Scand J Gastroenterol. 2022 Mar 31;1-9. doi: 10.1080/00365521.2022.2050292.Online ahead of print.

Sunna Gunnarsdottir ¹, Henrik Albrektsson ², Julia Frydebo ³, Nicolae Miron ⁴, Jenny M Kindblom ^5 6, Ketil Størdal ⁷, Karl Mårild ^8 9

Author information

¹Department of Pediatrics, Queen Silvia Children's Hospital, Gothenburg, Sweden.

²Statistiska konsultgruppen, Gothenburg, Sweden.

³Sahlgrenska Academy at University of Gothenburg, Gothenburg, Sweden.

⁴Department of Clinical Immunology, Sahlgrenska University Hospital, Gothenburg, Sweden.

⁵Department of internal medicine and clinical nutrition, Institute of Medicine, Sahlgrenska Academy at University of Gothenburg, Gothenburg, Sweden.

⁶Pediatric Clinical Research Center, Sahlgrenska University Hospital, Region Västra Götaland, Gothenburg, Sweden.

⁷Department of Pediatric Research, University of Oslo and Oslo University Hospital, Oslo, Norway.

⁸Department of Pediatrics, Institute of Clinical Sciences, Sahlgrenska Academy, Gothenburg, Sweden.

⁹Department of Pediatric Gastroenterology, Queen Silvia Children's Hospital, Gothenburg, Sweden.

Abstract

Objectives: Celiac disease (CD) is a common yet largely underdiagnosed disease. This study aimed to test the feasibility of incorporating a non-targeted CD screening in a pediatric outpatient setting and evaluate its short-term impact on children with serological evidence of disease.

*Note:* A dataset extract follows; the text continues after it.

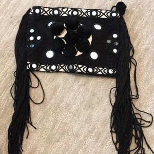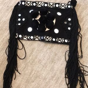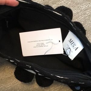 Embellished clutch with pom pom and mirror detail. New with tags!
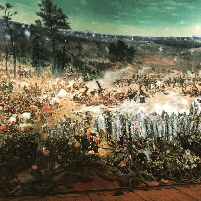 Supuestamente a petición suya, se cree que el rostro de Clark Gables se agregó entre los rostros de la pintura al óleo de la Guerra Civil. Originalmente pintando en 1886, la obra de arte panorámica se encuentra actualmente en proceso de restauración; quién sabe, tal vez aparezca otra cara de celebridad cuando se estrene nuevamente.

Methods: Over five months, 500 children (aged 2-17 years) attending a general pediatric outpatient clinic in Gothenburg, Sweden, were enrolled and surveyed for current symptoms, quality of life, and background characteristics; 481 children were screened for tissue-transglutaminase antibodies (tTGA); repeated tTGA-positivity was defined as CD autoimmunity (CDA). Children with CDA were investigated for CD and for one year monitored for changes in symptoms, and quality of life.

Results: Eleven of 481 (2.3%) screened children had CDA. Children with CDA were younger (median 3.8 years) than those without CDA (8.8 years). No other major between-group differences were reported in background characteristics, symptoms, or quality of life. The screening was well-accepted by the families/participants. During 1-year follow-up, 8 of 11 children with CDA were diagnosed with CD. Children with screening-detected CD reported no significant changes in symptoms and quality of life and the dietary adherence rate was good.

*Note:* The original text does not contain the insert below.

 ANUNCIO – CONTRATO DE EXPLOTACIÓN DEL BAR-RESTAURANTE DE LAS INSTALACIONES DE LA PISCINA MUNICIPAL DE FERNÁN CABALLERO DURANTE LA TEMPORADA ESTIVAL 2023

Conclusions: Non-targeted screening for CD was feasible in a general pediatric outpatient setting. While hampered by small sample size, our results are in line with previous screening studies indicating that symptoms do not differentiate CDA from non-CDA children. Also, among an overall minimal-symptomatic group of children, diagnosing CD and installation of treatment did not significantly change their well-being during 1-year follow-up.